## Provided records
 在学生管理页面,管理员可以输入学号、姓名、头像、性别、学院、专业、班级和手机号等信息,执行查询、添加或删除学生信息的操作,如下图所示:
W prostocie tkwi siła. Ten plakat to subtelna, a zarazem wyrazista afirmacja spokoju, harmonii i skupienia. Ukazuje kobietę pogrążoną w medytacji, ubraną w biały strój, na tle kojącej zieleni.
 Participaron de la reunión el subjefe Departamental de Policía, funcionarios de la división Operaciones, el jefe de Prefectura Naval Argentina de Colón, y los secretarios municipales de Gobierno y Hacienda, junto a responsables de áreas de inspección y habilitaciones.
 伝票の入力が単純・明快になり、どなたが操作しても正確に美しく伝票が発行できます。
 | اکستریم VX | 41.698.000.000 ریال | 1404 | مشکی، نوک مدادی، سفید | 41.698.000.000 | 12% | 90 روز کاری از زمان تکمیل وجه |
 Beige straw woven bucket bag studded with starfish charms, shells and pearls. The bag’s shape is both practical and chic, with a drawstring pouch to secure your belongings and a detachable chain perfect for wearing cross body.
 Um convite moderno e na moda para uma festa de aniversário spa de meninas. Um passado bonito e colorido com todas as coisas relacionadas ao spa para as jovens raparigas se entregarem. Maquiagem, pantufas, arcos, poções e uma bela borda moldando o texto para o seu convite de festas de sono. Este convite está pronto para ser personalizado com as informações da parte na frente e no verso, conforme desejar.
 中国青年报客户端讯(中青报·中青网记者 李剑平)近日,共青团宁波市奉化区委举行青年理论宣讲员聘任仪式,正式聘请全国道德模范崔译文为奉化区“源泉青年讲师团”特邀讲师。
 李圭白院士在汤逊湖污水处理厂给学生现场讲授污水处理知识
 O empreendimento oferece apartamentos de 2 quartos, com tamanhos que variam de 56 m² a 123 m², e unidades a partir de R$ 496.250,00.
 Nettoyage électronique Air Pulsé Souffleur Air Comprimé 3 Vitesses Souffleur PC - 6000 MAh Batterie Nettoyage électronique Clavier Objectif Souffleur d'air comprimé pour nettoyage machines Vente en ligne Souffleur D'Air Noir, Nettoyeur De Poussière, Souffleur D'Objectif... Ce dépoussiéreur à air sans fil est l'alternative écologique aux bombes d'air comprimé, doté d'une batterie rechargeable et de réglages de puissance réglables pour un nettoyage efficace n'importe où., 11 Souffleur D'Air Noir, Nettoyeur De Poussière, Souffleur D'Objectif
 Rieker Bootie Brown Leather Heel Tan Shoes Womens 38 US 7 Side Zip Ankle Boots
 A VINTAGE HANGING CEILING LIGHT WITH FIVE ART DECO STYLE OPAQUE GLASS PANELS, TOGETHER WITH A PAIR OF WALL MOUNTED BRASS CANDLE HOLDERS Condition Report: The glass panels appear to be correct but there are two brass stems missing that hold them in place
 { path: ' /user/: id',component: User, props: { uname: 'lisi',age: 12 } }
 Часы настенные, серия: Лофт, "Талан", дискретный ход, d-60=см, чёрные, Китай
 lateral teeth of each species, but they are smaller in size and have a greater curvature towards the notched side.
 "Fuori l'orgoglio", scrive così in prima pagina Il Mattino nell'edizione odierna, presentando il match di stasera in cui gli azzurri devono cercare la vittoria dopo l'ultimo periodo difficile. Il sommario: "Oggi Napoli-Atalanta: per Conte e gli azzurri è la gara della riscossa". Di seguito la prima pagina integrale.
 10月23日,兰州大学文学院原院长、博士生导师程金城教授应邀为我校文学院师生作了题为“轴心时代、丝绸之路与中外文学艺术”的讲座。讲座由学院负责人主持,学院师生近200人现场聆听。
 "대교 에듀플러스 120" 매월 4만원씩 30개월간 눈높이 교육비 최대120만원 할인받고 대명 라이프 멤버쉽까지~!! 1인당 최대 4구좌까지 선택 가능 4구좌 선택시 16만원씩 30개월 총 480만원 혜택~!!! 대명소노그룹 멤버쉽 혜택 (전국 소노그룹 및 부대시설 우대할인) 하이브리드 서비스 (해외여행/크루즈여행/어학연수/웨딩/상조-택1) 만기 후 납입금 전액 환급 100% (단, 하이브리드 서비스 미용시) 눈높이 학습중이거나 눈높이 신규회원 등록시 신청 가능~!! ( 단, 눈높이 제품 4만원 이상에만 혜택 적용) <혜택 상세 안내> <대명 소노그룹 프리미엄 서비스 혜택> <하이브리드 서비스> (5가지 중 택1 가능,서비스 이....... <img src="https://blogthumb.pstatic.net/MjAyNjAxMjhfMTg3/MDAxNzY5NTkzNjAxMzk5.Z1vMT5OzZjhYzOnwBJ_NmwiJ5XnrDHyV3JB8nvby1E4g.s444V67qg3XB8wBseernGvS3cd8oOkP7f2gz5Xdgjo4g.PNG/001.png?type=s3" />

## Assignment
In the answer, give the lines from the first line of the data through the line with "تکمیل وجه |", exactly as they appear and with no additions.

## Reply to the task
 在学生管理页面,管理员可以输入学号、姓名、头像、性别、学院、专业、班级和手机号等信息,执行查询、添加或删除学生信息的操作,如下图所示:
W prostocie tkwi siła. Ten plakat to subtelna, a zarazem wyrazista afirmacja spokoju, harmonii i skupienia. Ukazuje kobietę pogrążoną w medytacji, ubraną w biały strój, na tle kojącej zieleni.
 Participaron de la reunión el subjefe Departamental de Policía, funcionarios de la división Operaciones, el jefe de Prefectura Naval Argentina de Colón, y los secretarios municipales de Gobierno y Hacienda, junto a responsables de áreas de inspección y habilitaciones.
 伝票の入力が単純・明快になり、どなたが操作しても正確に美しく伝票が発行できます。
 | اکستریم VX | 41.698.000.000 ریال | 1404 | مشکی، نوک مدادی، سفید | 41.698.000.000 | 12% | 90 روز کاری از زمان تکمیل وجه |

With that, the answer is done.